- _Task data_:
-- Opening Marker --
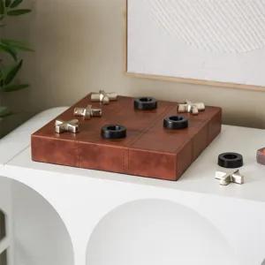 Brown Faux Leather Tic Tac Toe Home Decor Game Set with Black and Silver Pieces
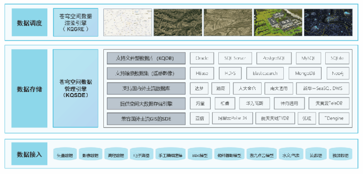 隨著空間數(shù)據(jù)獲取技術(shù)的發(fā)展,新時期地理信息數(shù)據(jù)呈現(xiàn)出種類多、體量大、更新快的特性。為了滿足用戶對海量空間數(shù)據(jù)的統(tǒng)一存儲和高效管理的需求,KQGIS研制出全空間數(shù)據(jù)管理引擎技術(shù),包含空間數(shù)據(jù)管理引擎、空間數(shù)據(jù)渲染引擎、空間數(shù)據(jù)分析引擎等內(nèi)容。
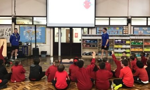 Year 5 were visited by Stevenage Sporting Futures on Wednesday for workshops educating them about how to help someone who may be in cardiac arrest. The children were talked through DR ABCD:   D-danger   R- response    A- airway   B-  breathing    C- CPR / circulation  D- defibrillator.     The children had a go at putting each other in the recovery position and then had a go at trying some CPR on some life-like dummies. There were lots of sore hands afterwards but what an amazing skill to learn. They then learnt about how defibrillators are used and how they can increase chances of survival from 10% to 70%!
-- Closing Marker --
-- Opening Marker --
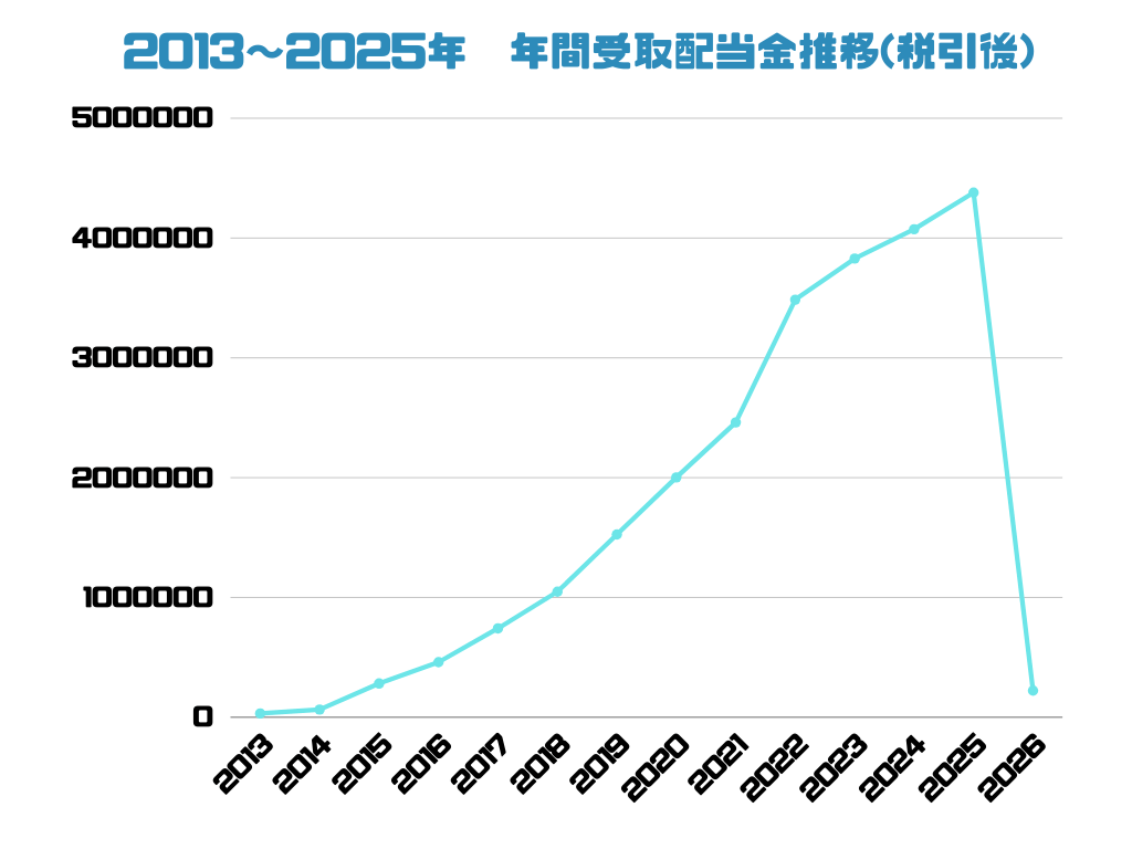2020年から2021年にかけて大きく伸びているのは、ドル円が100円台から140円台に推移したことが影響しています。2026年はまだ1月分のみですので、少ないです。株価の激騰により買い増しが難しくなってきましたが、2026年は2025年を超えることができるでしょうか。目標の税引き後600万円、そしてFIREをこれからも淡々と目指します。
-- Closing Marker --
- _The problem_: Return, exactly as they stand, the lines above from the one with "Brown Faux Leather" to the one with "隨著空間數(shù)據(jù", omitting any pictures among them.

- _Solution to this task_:
 Brown Faux Leather Tic Tac Toe Home Decor Game Set with Black and Silver Pieces
 隨著空間數(shù)據(jù)獲取技術(shù)的發(fā)展,新時期地理信息數(shù)據(jù)呈現(xiàn)出種類多、體量大、更新快的特性。為了滿足用戶對海量空間數(shù)據(jù)的統(tǒng)一存儲和高效管理的需求,KQGIS研制出全空間數(shù)據(jù)管理引擎技術(shù),包含空間數(shù)據(jù)管理引擎、空間數(shù)據(jù)渲染引擎、空間數(shù)據(jù)分析引擎等內(nèi)容。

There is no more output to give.